If the risk of a sustained stagflation is recognized by this market, we’ll also have an interesting test of other prominent currency market developments of late, namely the strong outperformance of commodity-linked currencies. That outperformance is a no-brainer when risk sentiment is on full tilt to the upside as we have seen over the last week, but how can the latter be sustained if the market starts to price in a higher cost of capital as well as weaker growth and weaker earnings growth risks? As discussed in the look at the AUDUSD chart below, that pair will be interesting to watch if the backdrop shifts gears in coming days/weeks.
Chart: AUDUSD
As noted above, interesting to see how any realization of stagflationary risks affects key currencies that sit astride conflicting themes that such a realization brings. The risk of ever higher commodities prices and an eventual repricing of the forward rate curve as the RBA trips over its forward guidance by early next year could prove very supportive for the Australian dollar, while the risk of cratering risk sentiment and forward concerns for the real growth outlook could add a negative drag. For now, AUDUSD is knocking at the door on key resistance and has poked above the local pivot high. I would like a couple of ugly days of equity markets selling off with AUDUSD simply taking that development in stride and not selling off before believing that we are headed for a major push higher back into the zone above 0.7600. But regardless, the technical lay of the land is such that the 0.7500-0-7600 zone looks to be the key for establishing whether the chart remains structurally bearish or is neutralized by a rally back into the upper zone.

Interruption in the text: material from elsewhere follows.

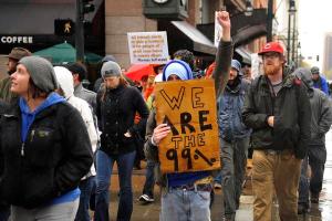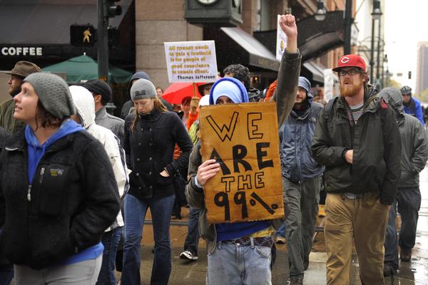 Several hundred Occupy Denver protesters marched to Denver’s Federal Reserve Bank branch in downtown Denver then back to their encampment in the park adjacent to the Colorado State Capitol Saturday afternoon, October 8, 2011. With another march scheduled for next Saturday the event is becoming a regular fixture of the anti-greed, anti-business movement. Karl Gehring/The Denver Post
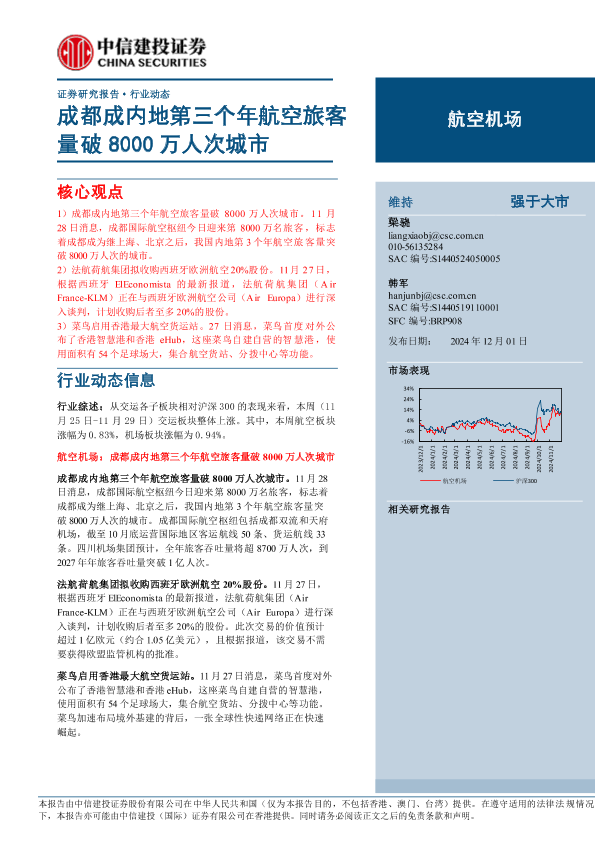 【中信建投证券】【20241201】航空机场行业动态:成都成内地第三个年航空旅客量破8000万人次城市-20页

Hungary added another odd 15 bp hike yesterday, taking the rate to 1.80%. After surprising markets at the previous meeting with a mere 15 basis point rate hike (versus 30 bps expected) that saw the Hungarian forint weakening sharply, the Hungarian central bank met expectations and once again hiked by this small increment with the same result – a weaker HUF weaker, as EURHUF traded above resistance since earlier this year around 362. The central bank chief Virag said in the wake of the decision that “the fight against inflation is similar to long-distance running, not to a sprint”, but it looks like the central bank will need to hike more and more quickly to slow the HUF’s descent. The all-time highs in EURHUF are just ahead of 370, posted just after the pandemic outbreak last year. In the background, the escalating confrontation between Poland and the EU over rule-of-law issues and the disbursement of EU Recovery Plan funds looks critical. Could the EU be soft-pedaling its confrontation with Hungary for now until it gets a look at the election results in the spring as the united opposition in Hungary to Orban’s government is polling well and could end his reign. The new leader of that opposition has voiced hopes for stronger ties with the EU.

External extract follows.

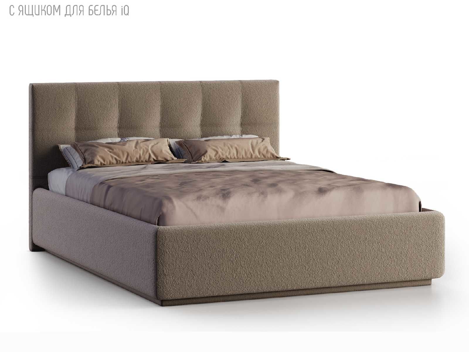 Кровать укомплектована IQ с подъемным механизмом и ящиком для белья без дна (дополнительная платная опция - дно к ящику IQ из HDF (ХДФ). Каркас кровати на цоколе, декоративный чехол на цоколе съёмный. Глубина ящика для белья - 30 см, без ограничения нагрузки на ящик.

Table: FX Board of G10 and CNH trend evolution and strength
The JPY reading has reached the remarkable -10 level, a rarified reading, as the US dollar teeters here and likely needing a punch in the gut to risk sentiment to stay resilient. Elsewhere, note the staggering momentum change over the last week in the NZD as the market prices in the RBNZ on the warpath on rate hikes.
Table: FX Board Trend Scoreboard for individual pairs
Note the AUDCAD rally sufficiently impressive to flip the trend to positive, while EURUSD isn’t far away from doing the same, but chart-wise needing to vault above 1.1700.